Não há melhor exemplo de tudo o que discutimos aqui que o problema da resolução gráfica, que afeta principalmente os jogos e outras aplicações com gráficos sofisticados ou animados. No meu aparelho, por exemplo, a resolução é de 176x220 com 262.144 cores, sempre. Um programa feito especificamente para funcionar em 128x128 (ex.: um jogo) irá funcionar, mas não muito bem: em geral ficará centralizado com bordas vazias, e a parte utilizada da tela poderá ser pouco legível, por conter gráficos elaborados para aparelhos com pixels maiores. Na plataforma Java SE isso seria fácil de resolver, seja com gráficos desenhados pela Java2D, seja redimensionando bitmaps. Já na CLDC não existem APIs para redimensionar imagens, e embora existam APIs para gráficos vetoriais, o desempenho poderá não ser satisfatório para gráficos animados.

Em alguns casos é possível programar a aplicação de forma a usar qualquer resolução de forma inteligente. Mas é preciso cuidar se o espaço a mais (ou a menos) não terá impactos sutis, mas importantes. Por exemplo, num jogo de labirinto, uma forma de adaptar-se a uma resolução maior seria simplesmente exibindo uma porção maior do labirinto na tela, exigindo menos scroll.
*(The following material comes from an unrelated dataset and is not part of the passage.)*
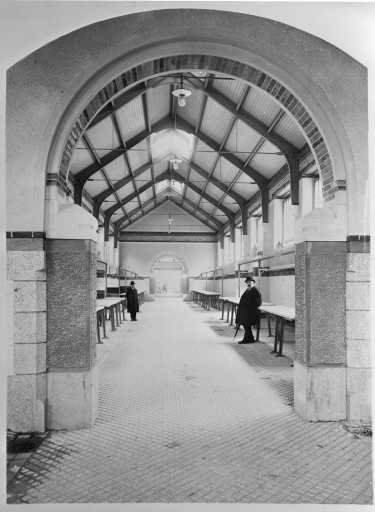 Vue intérieure des étals de boucherie, photographie, par Le Couturier.Immatriculation

Isso funciona, só que deixa o jogo mais fácil, pois o usuário consegue ver uma porção maior do caminho, e terá que usar menos a memória.
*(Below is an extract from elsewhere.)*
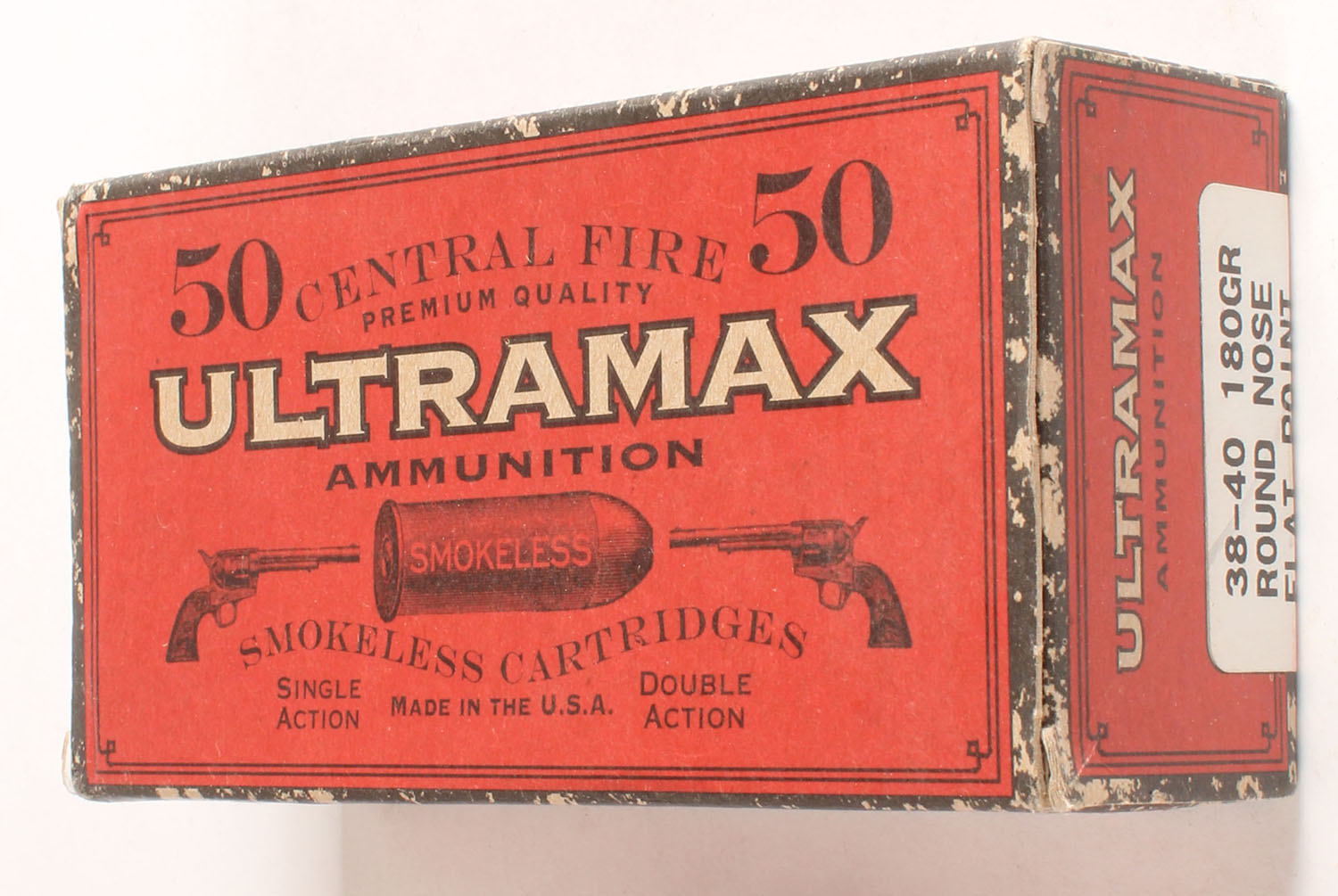 Ultramax, .38-40, 180 Gr., Round Nose-FP, 1pc, Full, black/red box with black/white print, box is very solid with excellent color, edges are crisp, end flaps are solid, ammo is very good. Grade: Excellent - Value: 30 to 80

A única solução perfeita para o problema (pelo menos do ponto de vista do usuário, não do desenvolvedor!) é oferecer diferentes versões do programa para cada resolução de pixels e cores importante. Isso proporciona a melhor experiência para o usuário e o melhor desempenho. Mas se você quiser suportar muitos aparelhos, deve adaptar os gráficos para uma variedade de resoluções populares.

Assim como a resolução gráfica, outras variações nos dispositivos, como a presença ou não de APIs de extensão úteis ao seu programa, podem forçá-lo à escolha entre fazer várias versões da aplicação (mais trabalhoso), ou dotar seu código de inteligência e flexibilidade para adaptar-se a cada dispositivo. Uma excelente solução para muitas aplicações é a ferramenta open source J2ME Polish (j2mepolish.org), que contorna muitas limitações e problemas de compatibilidade – existe até suporte a cálculos em ponto flutuante para dispositivos CLDC 1.0.